Amanda Marcotte has an excellent post up about this execrable new meme of "young men writing signs extolling the joys of 'natural' beauty and taking photos of themselves with these signs, complete with wounded expressions conveying the pain they feel because the women of the world get dressed in the morning without thinking first of the preferences of these guys' specific cocks."
She hits all the salient points, the most obvious of which is that this is just more of the same ugly "ladies, men know what's best for you" misogynist attitude. Scratch a Nice Guy, find a sexist. One who would run screaming from a woman with bed head, stubbly legs and greasy skin. They want us to have glowing skin, toned muscle and shiny hair--but hair-free bodies!--and be able to pretend that it all happened solely with the power of their love, and not with any help from slut-enablers like Revlon and the neighborhood gym.

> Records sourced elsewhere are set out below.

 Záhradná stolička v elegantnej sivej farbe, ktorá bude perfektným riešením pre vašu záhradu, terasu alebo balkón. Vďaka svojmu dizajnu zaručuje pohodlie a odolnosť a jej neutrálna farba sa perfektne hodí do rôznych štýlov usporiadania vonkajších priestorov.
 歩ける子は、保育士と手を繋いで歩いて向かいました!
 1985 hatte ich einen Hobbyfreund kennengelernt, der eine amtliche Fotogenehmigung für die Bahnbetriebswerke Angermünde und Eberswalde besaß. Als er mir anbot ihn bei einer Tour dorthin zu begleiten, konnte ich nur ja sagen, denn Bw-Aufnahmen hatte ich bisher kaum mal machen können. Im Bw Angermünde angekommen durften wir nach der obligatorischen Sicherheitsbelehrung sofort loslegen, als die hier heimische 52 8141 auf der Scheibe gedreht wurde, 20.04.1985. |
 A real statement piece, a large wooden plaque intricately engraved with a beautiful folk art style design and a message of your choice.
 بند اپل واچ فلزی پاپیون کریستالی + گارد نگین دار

Also troubling is the narrative that women only wear make-up--or do anything, really--so we can get a cock stuffed in us. But only if it leads to marriage and a hundred babies! Because women never fuck just for fun, like it goes without saying men do. It seems to be a completely alien thought to Nice Guys that some woman might wear cosmetics because they're fun.

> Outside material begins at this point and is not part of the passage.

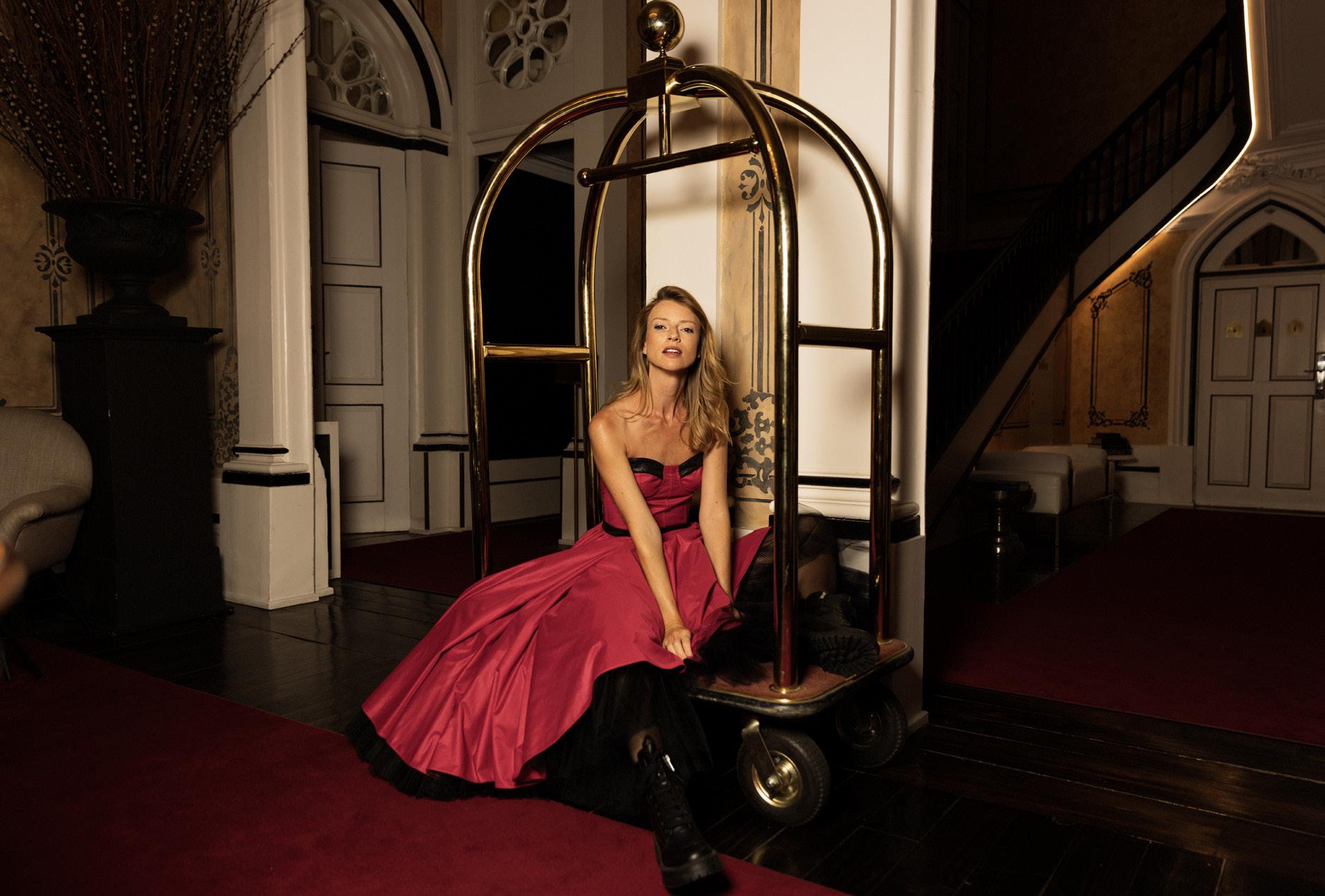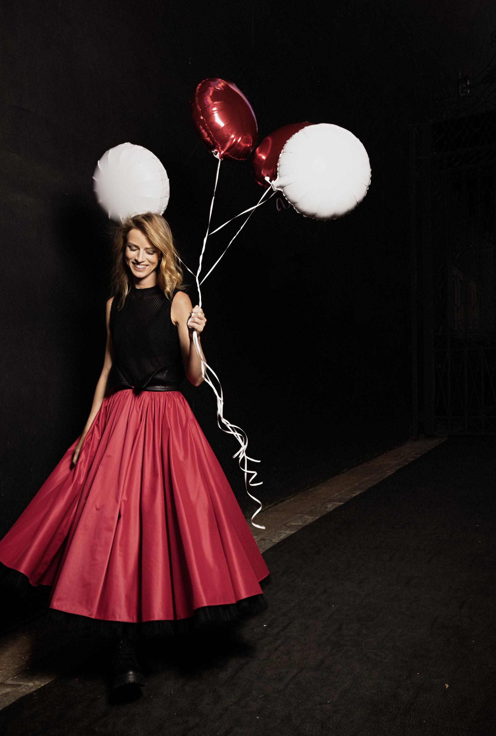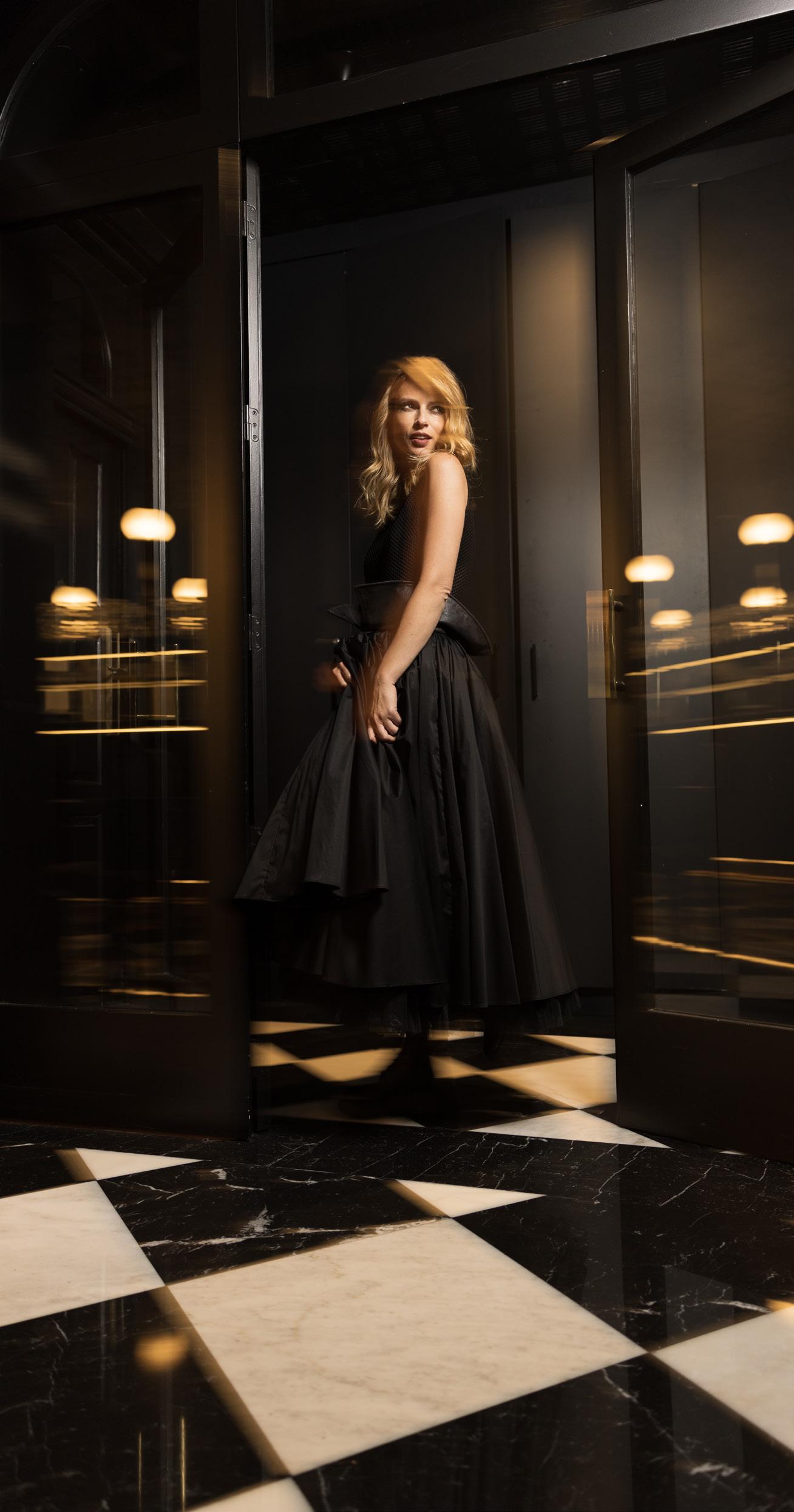 Paintings that turn into pieces of clothing.Bold style. She combines her passion for Christian Dior’s”New Look”, the Golden Age of Hollywood and Andy Warhlo popart.

I know some of my female friends don't like or use make-up, and I absolutely have no argument with that. Like anything else we do with our bodies, that is 100% a personal choice that is none of mine or anyone else's business. But just know, eschewing it does not make you a better or more of a feminist than I am.
I've had problems with certain kinds of make-up in the past, like nipple blush. The problem with cosmetics is that at some point, society decided that only women got to use them, at which point it became another weapon against them. A better solution to this problem is not to try eliminating cosmetics--which, like pornography, have existed virtually as long as human civilization and are probably not going anywhere--but to once again make it socially acceptable for all genders. Which it has been for most of human history: cosmetics have until recently been a mark of class, not gender. They shouldn't be a mark of anything now. I look forward to the day when a man can say "I don't care to wear make-up".